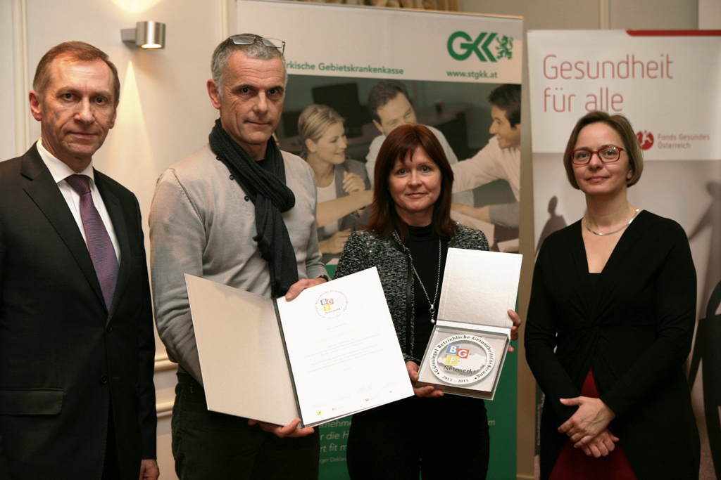 am 14. märz 2013 erhielt planconsort im Rahmen einer feierlichen zeremonie im hotel weitzer in graz das gütesiegel für betriebliche gesundheitsförderung verliehen. von den 19 ausgezeichneten firmen steiermarkweit ist planconsort unter jenen drei, die das gütesiegel nach 2007 und 2010 bereits zum dritten mal erhalten. ein schöner beweis für die nachhaltigkeit und qualität unseres bgf-projektes, mit dem wir die vergabekommission wieder überzeugen konnten. sigrid legat als bgf-verantwortliche und percy kortschak für die geschäftsführung nahmen die auszeichnung entgegen und konnten die grundzüge unseres projektes – sozialer zusammenhalt – bewegungsmaßnahmen – wohlfühl-maßnahmen – auch dem versammelten publikum präsentieren.
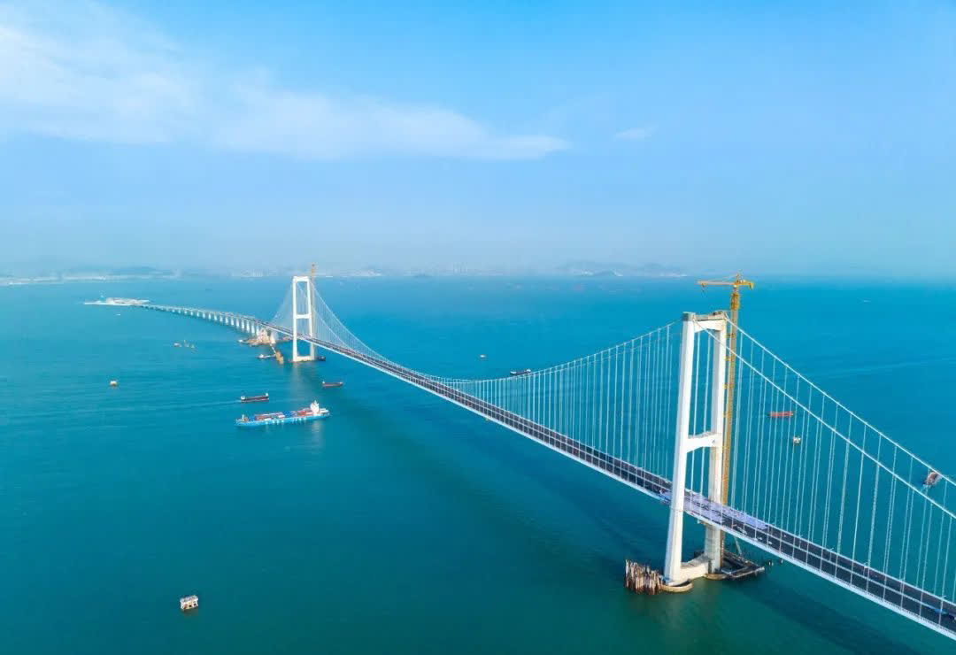 其中,作為深中通道項目的控制性工程,伶仃洋大橋為主跨1666米的懸索橋,主塔高270米,相當於90層樓高,通航凈空高度為76.5米。面對高溫、高濕、高鹽、強颱風頻發的惡劣環境,項目突破了海域深厚軟基大型錨碇建造難題,首創鋼橋面板全熔透焊接接頭技術,研發應用了6毫米直徑2060兆帕高強鋅鋁稀土(鎂)合金鍍層鋼絲以及國內首台一體化智能築塔機。同時,還創下五項世界紀錄,包括離岸海中懸索橋跨徑最大、通航凈高最高、海中錨碇體量最大、主纜鋼絲強度最高、顫振檢驗風速最高,實現了橋樑高質量建設,進一步鞏固我國橋樑建設的領先水平。
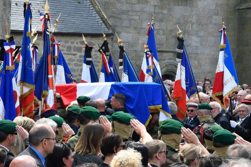 Environ 500 personnes, dont de nombreux "bérets verts", se sont rassemblées sous le soleil sur le parvis de la petite église du XVe siècle de cette ville balnéaire de 8.000 habitants qui jouxte Lorient. Les cloches ont sonné à 14H15 et le corbillard est arrivé quelques minutes après.
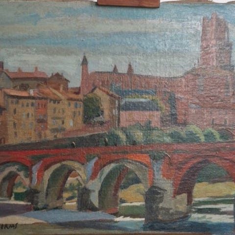 André Roubaud, Paysage provençal, oliemaleri, Original, 1960–1970, 77 × 62,5 cm, gyldent ramme, solgt med ramme, fremragende stand. Klik på den blå "gå til varen" knap, for at købe eller byde på denne vare. Den samlede pris vil blive vist inden du afgiver dit bud.

________________________________________

Return the material above verbatim, minus the pictures.

→ **WRITTEN REPLY**:
 am 14. märz 2013 erhielt planconsort im Rahmen einer feierlichen zeremonie im hotel weitzer in graz das gütesiegel für betriebliche gesundheitsförderung verliehen. von den 19 ausgezeichneten firmen steiermarkweit ist planconsort unter jenen drei, die das gütesiegel nach 2007 und 2010 bereits zum dritten mal erhalten. ein schöner beweis für die nachhaltigkeit und qualität unseres bgf-projektes, mit dem wir die vergabekommission wieder überzeugen konnten. sigrid legat als bgf-verantwortliche und percy kortschak für die geschäftsführung nahmen die auszeichnung entgegen und konnten die grundzüge unseres projektes – sozialer zusammenhalt – bewegungsmaßnahmen – wohlfühl-maßnahmen – auch dem versammelten publikum präsentieren.
 其中,作為深中通道項目的控制性工程,伶仃洋大橋為主跨1666米的懸索橋,主塔高270米,相當於90層樓高,通航凈空高度為76.5米。面對高溫、高濕、高鹽、強颱風頻發的惡劣環境,項目突破了海域深厚軟基大型錨碇建造難題,首創鋼橋面板全熔透焊接接頭技術,研發應用了6毫米直徑2060兆帕高強鋅鋁稀土(鎂)合金鍍層鋼絲以及國內首台一體化智能築塔機。同時,還創下五項世界紀錄,包括離岸海中懸索橋跨徑最大、通航凈高最高、海中錨碇體量最大、主纜鋼絲強度最高、顫振檢驗風速最高,實現了橋樑高質量建設,進一步鞏固我國橋樑建設的領先水平。
 Environ 500 personnes, dont de nombreux "bérets verts", se sont rassemblées sous le soleil sur le parvis de la petite église du XVe siècle de cette ville balnéaire de 8.000 habitants qui jouxte Lorient. Les cloches ont sonné à 14H15 et le corbillard est arrivé quelques minutes après.
 André Roubaud, Paysage provençal, oliemaleri, Original, 1960–1970, 77 × 62,5 cm, gyldent ramme, solgt med ramme, fremragende stand. Klik på den blå "gå til varen" knap, for at købe eller byde på denne vare. Den samlede pris vil blive vist inden du afgiver dit bud.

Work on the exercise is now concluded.